South Africa is rated Baa1, the third-lowest investment-grade level and on par with Mexico, Thailand and Russia. Moody’s maintained a negative outlook on the nation’s debt, citing concerns about the outlook for mining, South Africa’s biggest export earner, and increasing pressure on the government to raise spending before next year’s parliamentary elections.

Finance Minister Pravin Gordhan’s “renewed commitment to spending restraint” will stabilize government debt at levels comparable with similarly rated peers, Moody’s said in an e-mailed statement dated yesterday. “The spending ceiling is now a firmly entrenched anchor for fiscal policy.”

In his February budget speech, Gordhan pledged to cut spending to reduce the budget shortfall, estimated at 4.6 percent of gross domestic product for the year through March. Moody’s, Standard & Poor’s and Fitch Ratings have downgraded the nation’s debt since September, concerned by a slowing economy and rising spending pressures. Moody’s and S&P have a negative outlook on the rating, indicating they may lower it further.

‘Proactive Measures’

The “government has taken proactive measures to address all the key concerns raised by Moody’s and remains committed to implement these measures,” the National Treasury said in an e-mailed statement after the Moody’s decision. The government is “confident that the various measures that are being implemented will in time contribute to improved ratings for South Africa,” it said.

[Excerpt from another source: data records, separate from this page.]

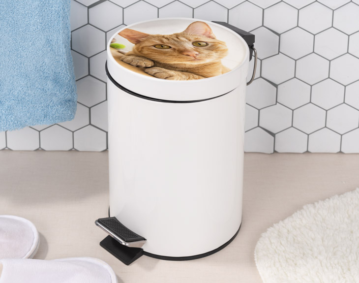 Rememora tus mejores momentos incluso a la hora de usar la papelera en el baño. Una papelera personalizada como esta te vendrá de lujo para hacer que la hora del baño sea aún más única. ¡Podrás incluir la imagen o el diseño que quieras en la tapa! ¿Por qué no colocar una cubo de basura de metal con diseño de foto como esta debajo del lavabo? ¡Así siempre tendrás una sonrisa! Esta papelera está hecha de metal y cuenta con una altura de 26 centímetros y un diámetro tanto en su tapa como en su base de 17 centímetros de diámetro. ¡Incluye un pedal con el que podrás abrir la papelera sin problema! Este regalo original será el más sorprendente para esa persona que está constantemente utilizando la papelera a la hora de lavarse los dientes o ir al baño. ¿Lo mejor? Podrás personalizarla con la foto que quieras. Al añadir el producto al carrito encontrarás la plantilla, en el interior del área de personalización. ¡Sube la foto que quieras y ajústala para crear un diseño de lo más chulo! Material: metal. Medidas: 26 x 17 centímetros.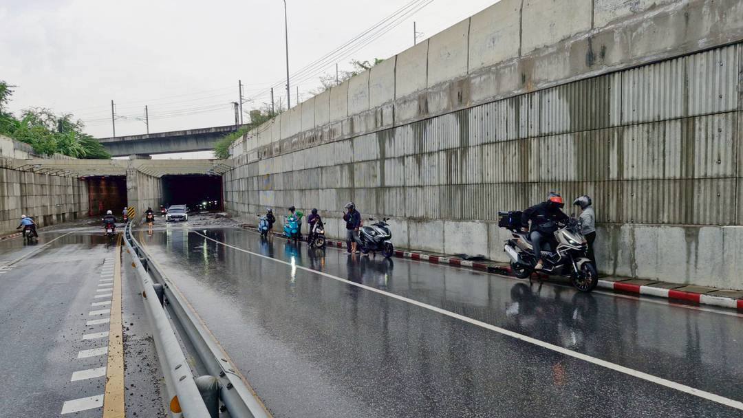 เนื่องจากมีน้ำท่วมขังทั้งสองฝั่งการจราจร จากเหตุฝนตกและถูกขโมยตัดสายไฟ ทำให้ระบบระบายน้ำไม่ทำงาน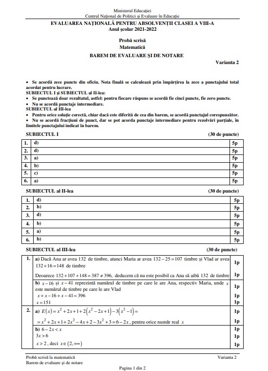 2 din 11 | Barem Evaluarea Națională 2022 Matematică EDU.RO

The government’s adoption of the National Development Plan, which seeks to reduce poverty and inequality, and the ruling African National Congress’ rejection of calls to nationalize mines supported South Africa’s rating, Moody’s said. A framework agreement between government, labor unions and mining companies may reduce labor disputes in the industry and lead to more investment and growth, it added.

The rand dropped 0.1 percent to 9.8385 per dollar at 10:35 a.m. in Johannesburg, extending the loss this year to 14 percent.